Construct a box plot for the FTES for 2005–2006 through 2010–2011 and a box plot for the FTES for 1976–1977 through 2004–2005.

Compare the *IQR* for the FTES for 1976–1977 through 2004–2005 with the *IQR* for the FTES for 2005-2006 through 2010–2011. Why do you suppose the *IQR*s are so different?

Three students were applying to the same graduate school. They came from schools with different grading systems. Which student had the best GPA when compared to other students at his school? Explain how you determined your answer.

Student | GPA | School Average GPA | School Standard Deviation |
---|---|---|---|

Thuy | 2.7 | 3.2 | 0.8 |

Vichet | 87 | 75 | 20 |

Kamala | 8.6 | 8 | 0.4 |

A music school has budgeted to purchase three musical instruments. The school plans to purchase a piano costing $3,000, a guitar costing $550, and a drum set costing $600. The mean cost for a piano is $4,000 with a standard deviation of $2,500. The mean cost for a guitar is $500 with a standard deviation of $200. The mean cost for drums is $700 with a standard deviation of $100. Which cost is the lowest when compared to other instruments of the same type? Which cost is the highest when compared to other instruments of the same type? Justify your answer.

An elementary school class ran one mile with a mean of 11 minutes and a standard deviation of three minutes. Rachel, a student in the class, ran one mile in eight minutes. A junior high school class ran one mile with a mean of nine minutes and a standard deviation of two minutes. Kenji, a student in the class, ran one mile in 8.5 minutes. A high school class ran one mile with a mean of seven minutes and a standard deviation of four minutes. Nedda, a student in the class, ran one mile in eight minutes.

- Why is Kenji considered a better runner than Nedda even though Nedda ran faster than he?
- Who is the fastest runner with respect to his or her class? Explain why.

Scientists are studying a particular disease. They found that countries that have the highest rates of people who have ever been diagnosed with this disease range from 11.4 percent to 74.6 percent.

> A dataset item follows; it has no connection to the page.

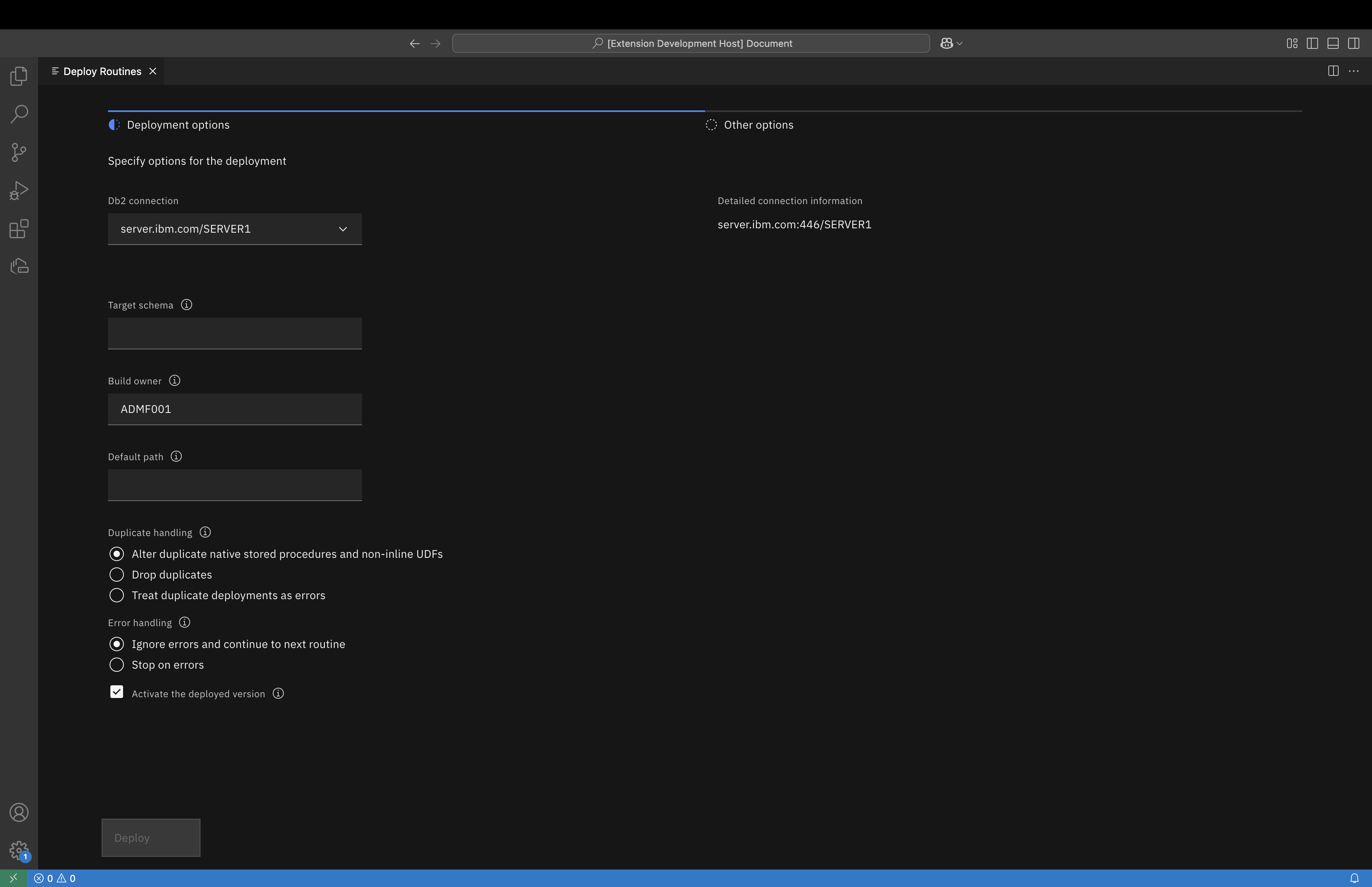 Click the Other options tab to specify additional deployment parameters. A list of the routines that you selected is displayed alongside additional deployment options. The tabs that are displayed will vary depending on the type of routine that you are working with: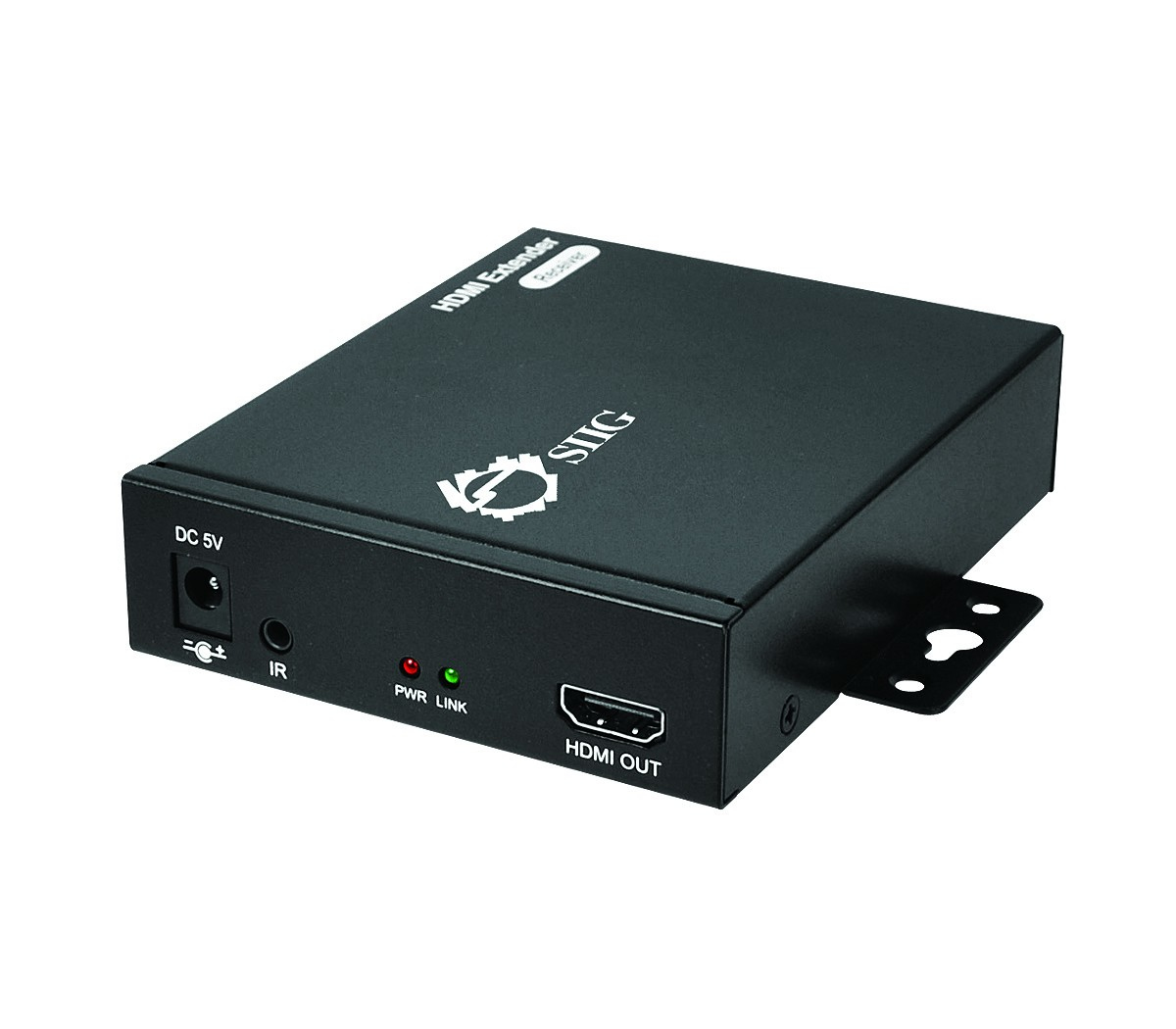 SIIG’s HDMI Over Gigabit IP Distribution System - Receiver is designed to receive and extend HDMI signal from a transmitter to an HDMI display at greater distance using economical CAT5/6 cable. This receiver also works with SIIG’s HDMI Over Gigabit IP Extender Kit with IR to extend HDMI signal over a Gigabit LAN Network to multiple displays at various locations. It supports full HD 1080p resolution, HD Surround Sound and IR control. No software or driver is required to install and the built-in mounting mechanism makes integration convenient and tidy. It provides a cost-effective HDMI extender solution to extend and broadcast high quality video and audio signal to the remote display(s) utilizing inexpensive network cable.

Percentage of Population with Disease | Number of Countries |
---|---|

11.4–20.45 | 29 |

20.45–29.45 | 13 |

29.45–38.45 | 4 |

38.45–47.45 | 0 |

47.45–56.45 | 2 |

56.45–65.45 | 1 |

65.45–74.45 | 0 |

74.45–83.45 | 1 |

What is the best estimate of the average percentage of people with the disease for these countries? What is the standard deviation for the listed rates? The United States has an average disease rate of 33.9 percent. Is this rate above average or below? How *unusual* is the U.S. obesity rate compared to the average rate? Explain.

Table 2.79 gives the percentage of children under age five diagnosed with a specific medical condition.

Percentage of Children with the Condition | Number of Countries |
---|---|

16–21.45 | 23 |

21.45–26.9 | 4 |

26.9–32.35 | 9 |

32.35–37.8 | 7 |

37.8–43.25 | 6 |

43.25–48.7 | 1 |

What is the best estimate for the mean percentage of children with the condition? What is the standard deviation? Which interval(s) could be considered unusual? Explain.